The Supreme Court ruled that when police are searching for criminal evidence against a driver, they may also search the personal belongings of passengers. This ruling increased the already considerable power of police to search a driver without a warrant.
The Fourth Amendment of the Constitution, which protects citizens against unreasonable search and seizures, generally requires police to obtain search warrants. However, since vehicles are mobile, the Supreme Court has ruled that police may search you and your vehicle if they expect to find evidence of a crime.
The Supreme Court further reduced your rights in 1996 by allowing police to stop motorists for routine traffic violations even if the officers actually want to search for drugs. The court’s recent ruling now gives police the right to also search the belongings of passengers.
However, during a search for evidence linked to a driver, police may still not pat down or search the pockets of passengers. A 1948 Supreme Court ruling banned these tactics.
The recent court ruling focused on a passenger search during a routine traffic stop in Wyoming. On July 23, 1995, a highway patrol officer stopped David Young for speeding and saw a hypodermic syringe in Young’s pocket. Young acknowledged that he used the syringe to take drugs.
At that point, two other officers asked the driver’s two passengers to exit the car. While searching the vehicle, police found drug paraphernalia and liquid methamphetamine in a purse that belonged to one of the passengers. The passenger was convicted on a felony charge but appealed.
However, like the many teenagers across the country who are fighting their curfew convictions, the passenger appealed the decision.
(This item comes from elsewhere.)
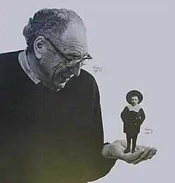 George Him aged 75, holding a photograph of himself age 5

The Wyoming Supreme Court threw out her conviction by ruling that police were justified only in searching the car for drugs Young may have had with him — and therefore could not search Houghton’s purse.
The Supreme Court of the United States, the highest court in the nation, disagreed with the ruling by a vote of 6-3.
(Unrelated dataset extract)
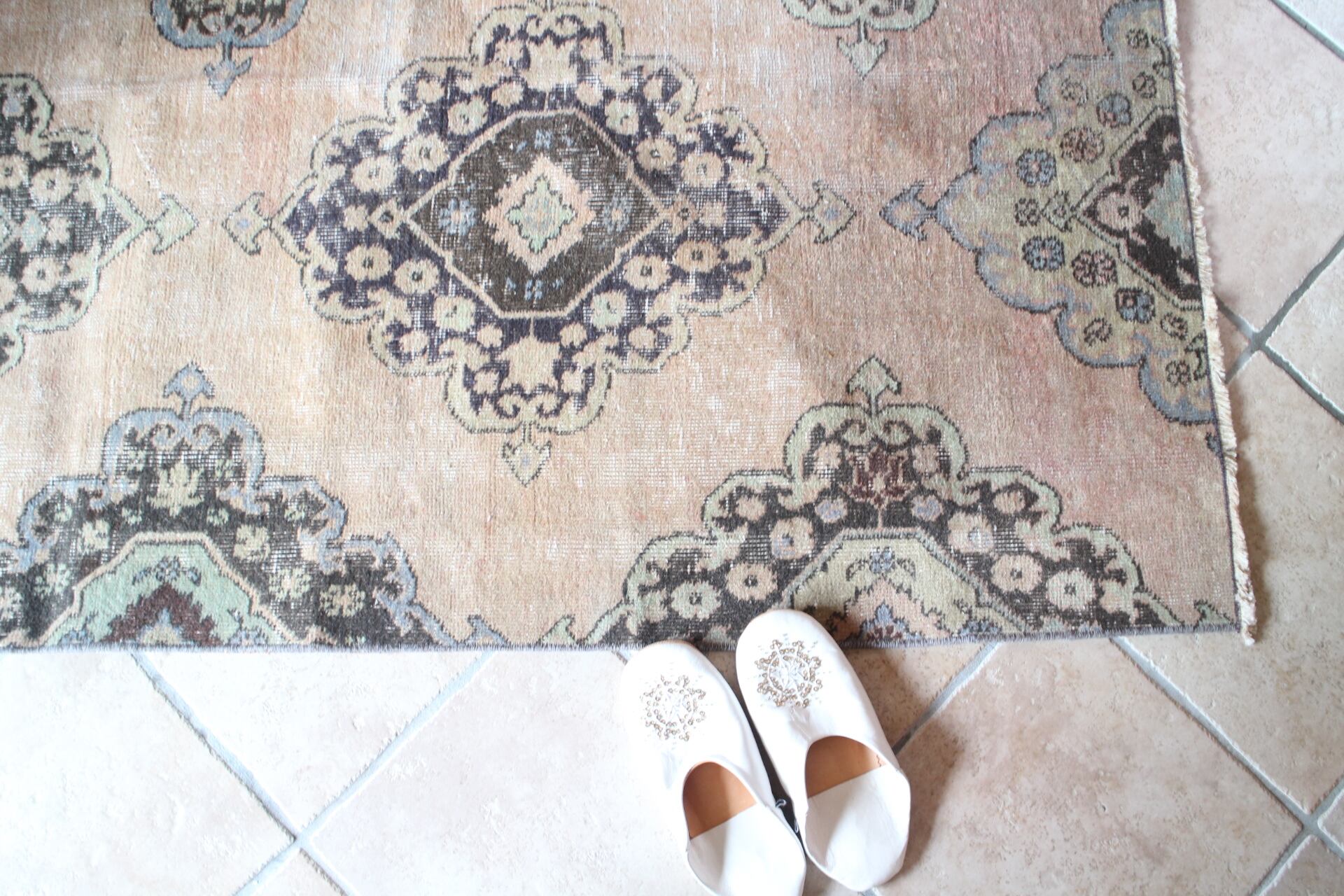 全体的にメダリオンが配置されたヴィンテージラグ。全体的に経年変化のすれが少し入り時を超えてきた良さを感じます。メダリオンの中には水色やグリーンの花が配置され、かっこいい中にもかわいさが。

Justice Antonin Scalia, who wrote the decision, said, “Effective law enforcement would be appreciably impaired without the ability to search a passenger’s personal belongings when there is reason to believe contraband or evidence of criminal wrongdoing is hidden in the car,” Scalia said.
“The sensible rule … is that such a package may be searched, whether or not its owner is present as a passenger or otherwise, because it may contain the contraband that the officer has reason to believe is in the car,” Scalia said.
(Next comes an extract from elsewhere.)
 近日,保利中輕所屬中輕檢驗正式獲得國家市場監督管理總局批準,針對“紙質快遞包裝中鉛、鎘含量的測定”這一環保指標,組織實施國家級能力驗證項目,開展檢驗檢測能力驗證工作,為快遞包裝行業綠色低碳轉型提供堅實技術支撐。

He added that car passengers “will often be engaged in a common enterprise with the driver and have the same interest in concealing the fruits or the evidence of their wrongdoing.”
This case is yet another example of how the War on Drugs is really a War on Americans. In the endless search for drugs, police may now violate each citizen’s Fourth Amendment protection from unreasonable search and seizures.
The best way to fight back against this decision is to support the privatization of roads, which is a fundamental part of Capitalism. Private roads would have private cops who are only concerned with traffic violations and probably do not have the legal right to search vehicles.
Private roads would exist in private neighborhoods that want your business. The CEOs who manage these neighborhoods know that you can always spend your money in another neighborhood. Therefore, they would probably forbid almost all searches to make sure that customers feel secure.
Wouldn’t you prefer to drive in private neighborhoods where people are not subject to the outrageous searches that are now possible on government roads in government neighborhoods?